People ask what does Atorus Research do?
Clinical Trials are experiments.
They form a hypothesis, build an experiment to test said hypothesis, and the test results may or may not bring confirmation, inconclusiveness, or review more questions. The community is competitive in racing to bring new products to market or expand labeling of currently approved ones. With approval, results must be shared to the extent that the labelling can guide the consumer as to what it can be used for and any potential hazards that may be associated with the product.
The protocol is the document stating the hypothesis and experimental methods. It has both a clinical and statistical hypotheses and design.
In the past 30+ years, protocols have been harmonized, and data has been standardized through CDISC with the FDA expecting SDTM as a default data vehicle. Data collection has jumped from double-data entry of paper CRFs to the advent of EDC, and now the emergence of EHR for quicker data accessibility. The Prescription Drug User Fee Act (PDUFA) brought change to the agency in accelerating the review cycle of submissions. All these innovations assist in the competitiveness of drug development, bringing new therapies quicker to the agency and faster review, leading, hopefully, to a successful product to help the patients who need them.
What hasn’t really changed?
Statistical appendices and graphics for FDA submissions have not changed.
SAS has had a lock on the market due to fear and false belief in the user community that their in-house developed macros are sacrosanct, proprietary, and should not be shared, and that they bring a competitive advantage to the statistical community.
Why do we have so many companies with legacy macros that are so complicated and unable to be modified without fear of breaking.

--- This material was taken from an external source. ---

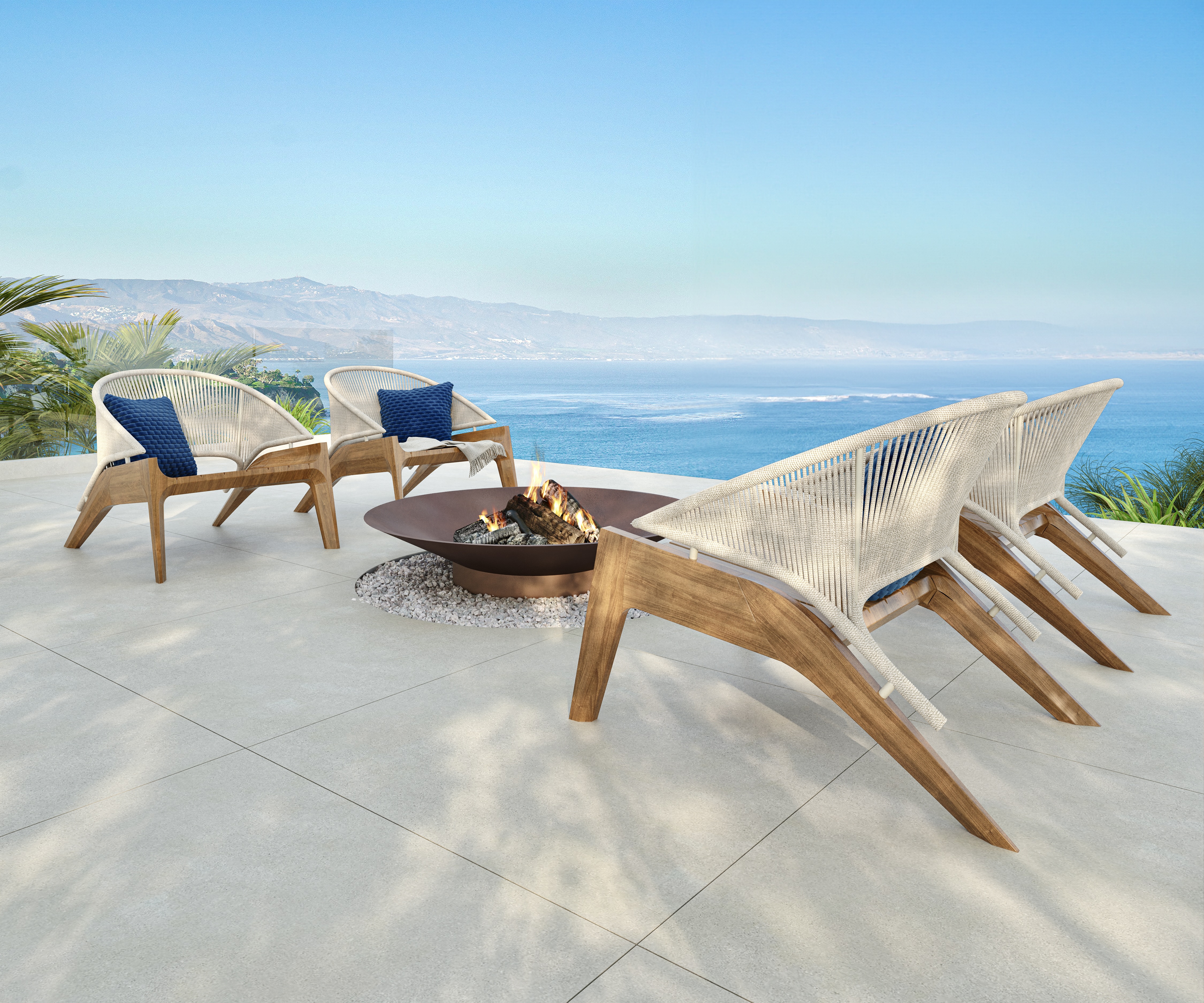 The Velê line alludes to the sailboat, more precisely to the jangada, a typical vessel on the Brazilian coast. Inspired by the characteristics of rafts, the design seeks to capture the essence of simplicity and functionality, reflecting the ability of these vessels to move around the surfaces of natural pools.

Why are there CROs who will not share their code with customers when producing tables, listings, and graphs? Does this help or hinder the industry? Remember, these outputs are produced quickly at the end of the study to describe the results. When only a few know the intricacies of the code, there will be bottlenecks and delays.
This blockade must end.
Open source languages, like R and Python, bring all the statistical expertise of a community the size of tens of thousands of people. It is widely used and taught in academia, and many reviewers in both industry and the FDA use it as a QC tool for clinical review. Individuals write the code then share it with the community who ARE STILL THE OWNERS OF THE CODE. The code can be reviewed and critiqued by all, and the number of people who can learn and use a given package dwarfs what any single organization can hope to achieve. The code deemed proprietary to an organization for competitive reasons can remain so but still tap into outside packages for efficiencies.

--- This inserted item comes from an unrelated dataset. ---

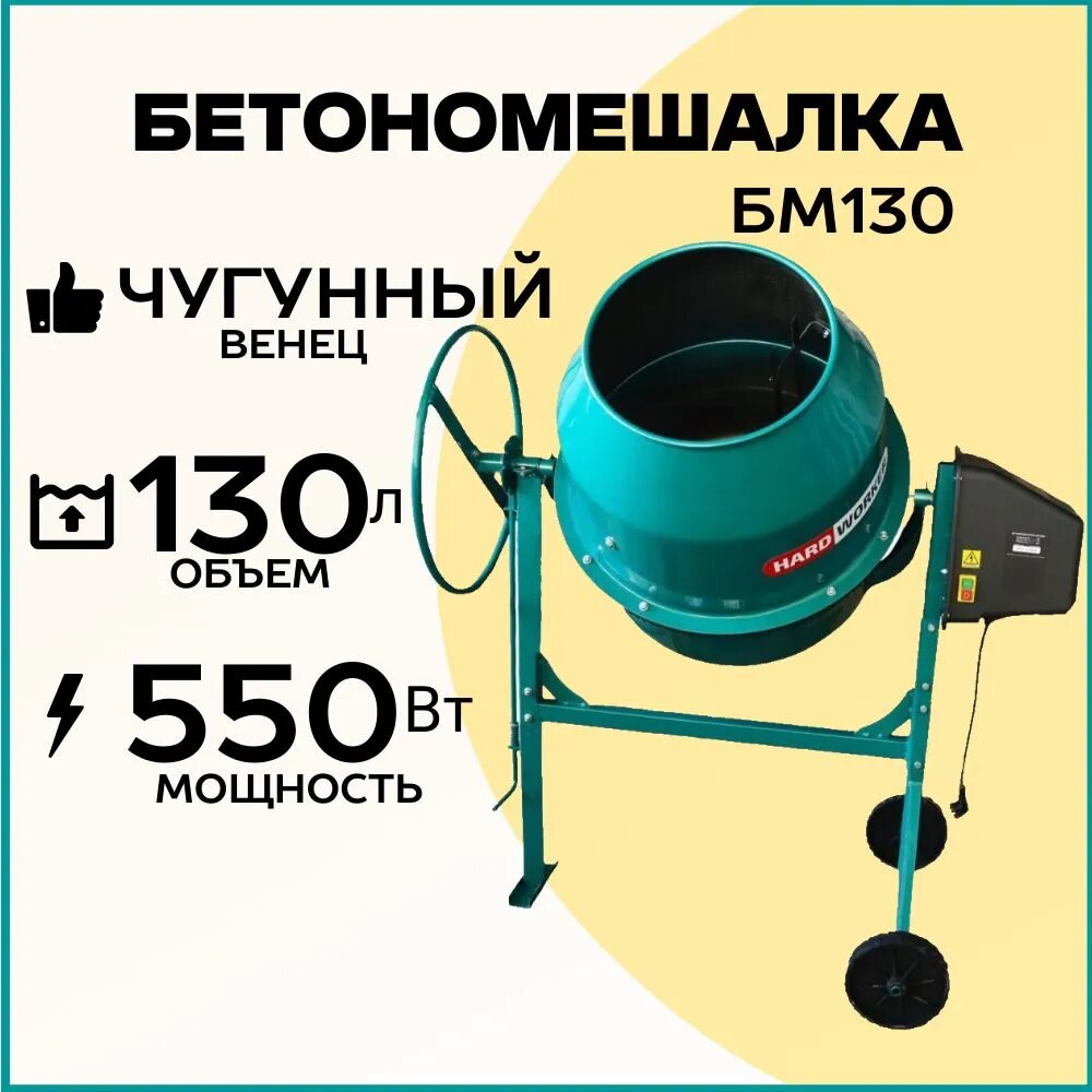 Бетономешалка строительная HARD WORKER БМ130 чугунный венец, объем 130 литров, мощность 600 Вт, бетоносмеситель электрический информация:

The FDA stated in 2015 that it is not married to any one statistical software, https://www.fda.gov/media/109552/download; rather, that the statistical analyses should be reliable and “fully documented in the submission, including version and build identification.” This is a sound, scientific request.

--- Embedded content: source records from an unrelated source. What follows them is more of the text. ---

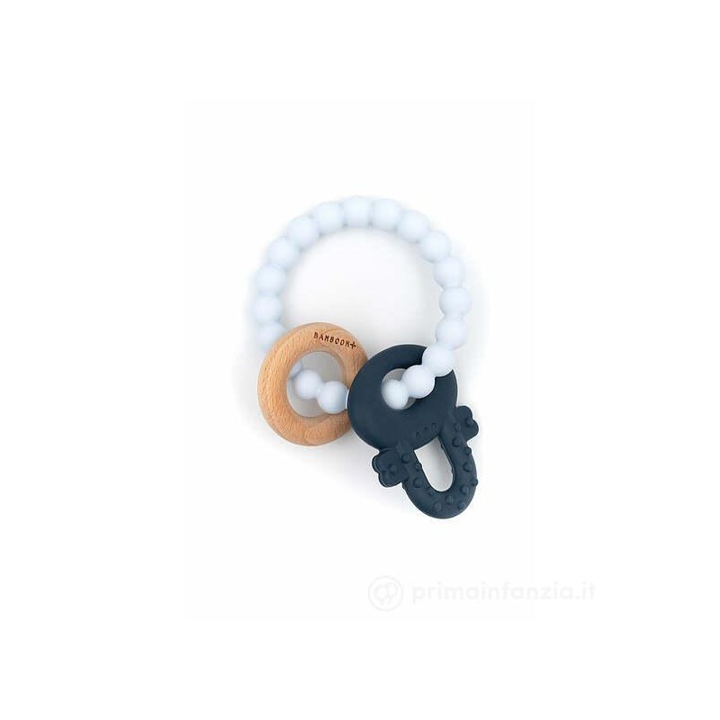 Massaggiagengive del marchio Bamboom in silicone con giochino a forma di chiave e anello in legno naturale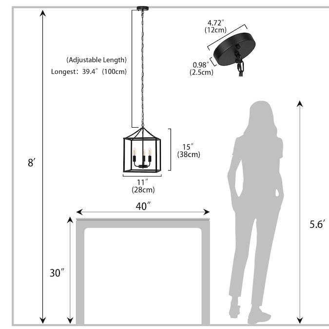 - Maximum chain is 39.4″ L which is suitable for flat or sloped ceiling.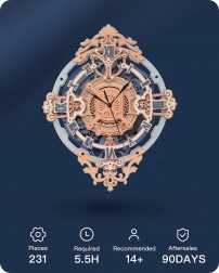 Difficulté moyenne, 231 pièces et notice claire. Le montage prend environ 5 heures et aboutit à une horloge décorative avec possibilité d’alignement précis du cadran au mur.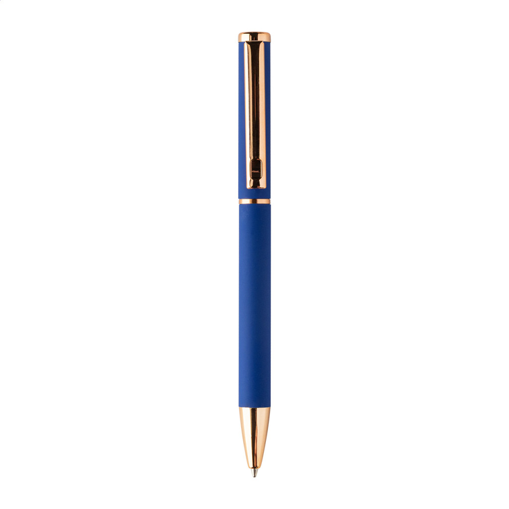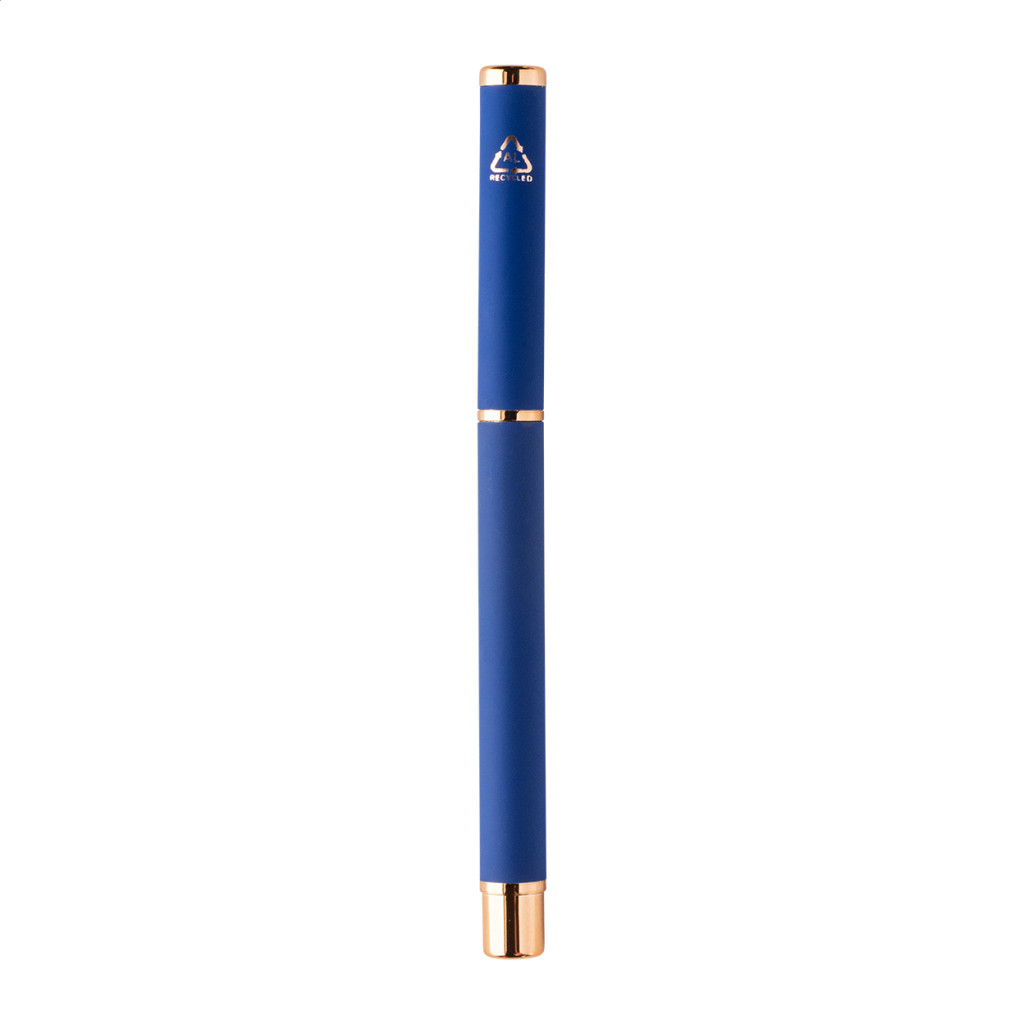 Újrahasznosított alumínium tollszett golyóstollal és rollertollal, gumírozott felülettel és rózsaarany részletekkel. Kék tollbetéttel. Speciális bevonattal a tükörlézeres gravírozáshoz rózsaarany színben. Fekete papír ajándékdobozban.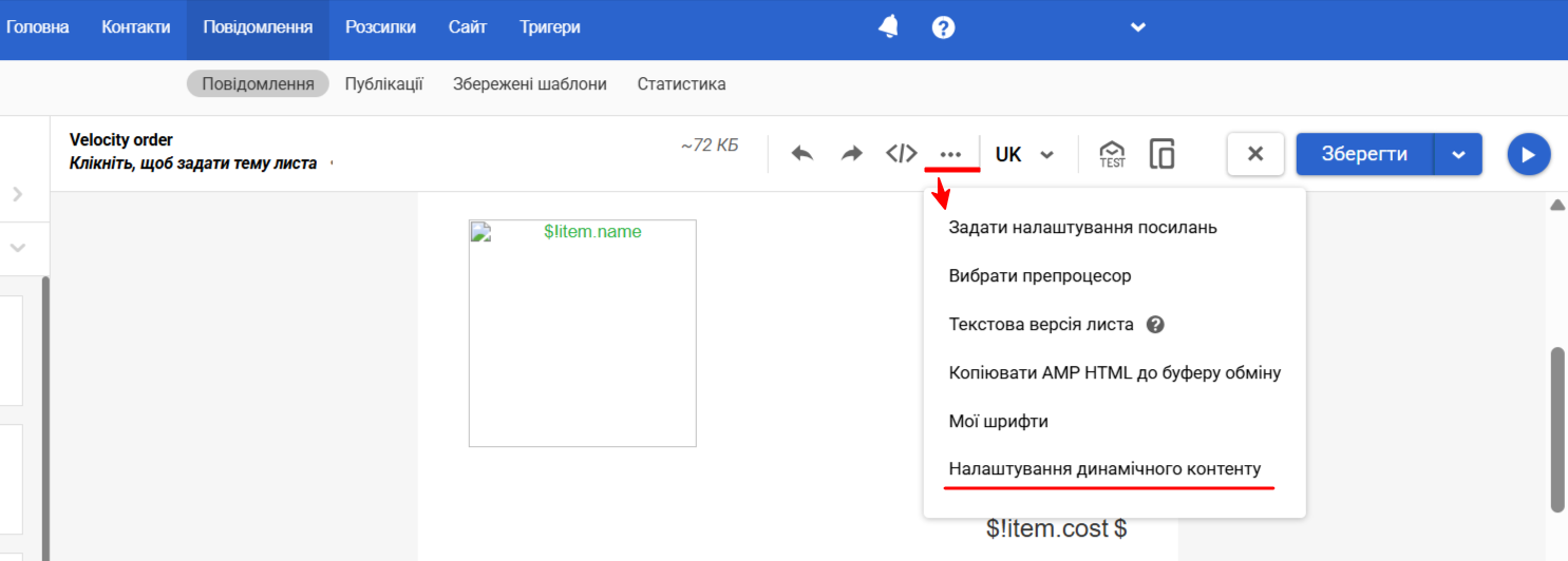 Щоб побачити повідомлення з динамічним контентом натисніть Додаткові параметри (значок Три крапки) → Налаштування динамічного контенту.

Atorus Research has made a commitment to open source. We are spending millions on the development of code to be shared across industry. It is our belief that as people use our validated packages and provide feedback, together we can accelerate the commercial, regulatory, and academic communities review and analysis of information in a format agreeable to all. This disruption is necessary for the sake of the patients. The practice of considering SAS code proprietary used to generate a demographic table, which is part of an ICH mandated output, has lived long past its usefulness. We are not stating SAS is bad; it is a fantastic language. Ask yourself, does industry really need 10,000 different versions of the same code?